> **Task to complete**
The reply must consist of the complete listing, reproduced exactly, with no images included.

> **Provided data**
-*-*-
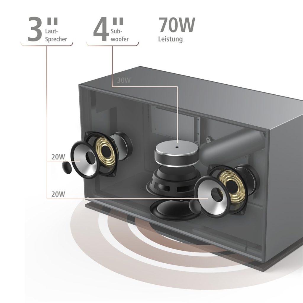 - širokopásmové reproduktory (2x 20 W) se subwooferem (30 W), celkem 70 W RMS
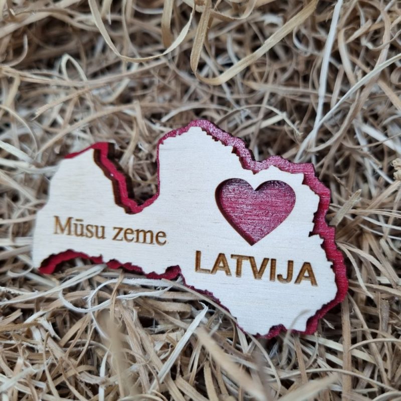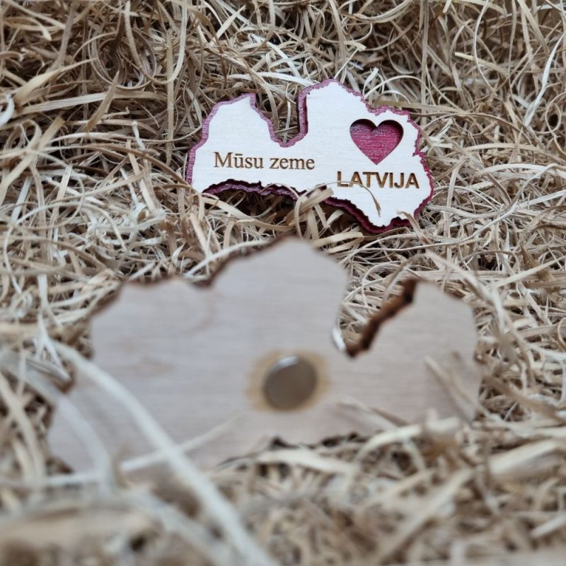 Suvenīrs ar Latvijas simboliku, kuru var piestiprināt pie ledusskapja vai kur citur. Krāsas kontrastējoši košas. Latvijas kontūra izgriezta ar lāzeri no finiera materiāla. Aizmugurē mazs magnēts, kas ļaus to piestiprināt pie magnētiskām virsmām.
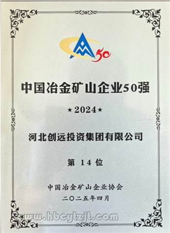 近日,中國冶金礦山企業協會發布“2024年中國冶金礦山企業50強”榜單,河北創遠投資集團有限公司憑借卓越綜合實力位列第14名,展現出強勁的發展勢頭。
-*-*-
> **Response area**
 - širokopásmové reproduktory (2x 20 W) se subwooferem (30 W), celkem 70 W RMS
 Suvenīrs ar Latvijas simboliku, kuru var piestiprināt pie ledusskapja vai kur citur. Krāsas kontrastējoši košas. Latvijas kontūra izgriezta ar lāzeri no finiera materiāla. Aizmugurē mazs magnēts, kas ļaus to piestiprināt pie magnētiskām virsmām.
 近日,中國冶金礦山企業協會發布“2024年中國冶金礦山企業50強”榜單,河北創遠投資集團有限公司憑借卓越綜合實力位列第14名,展現出強勁的發展勢頭。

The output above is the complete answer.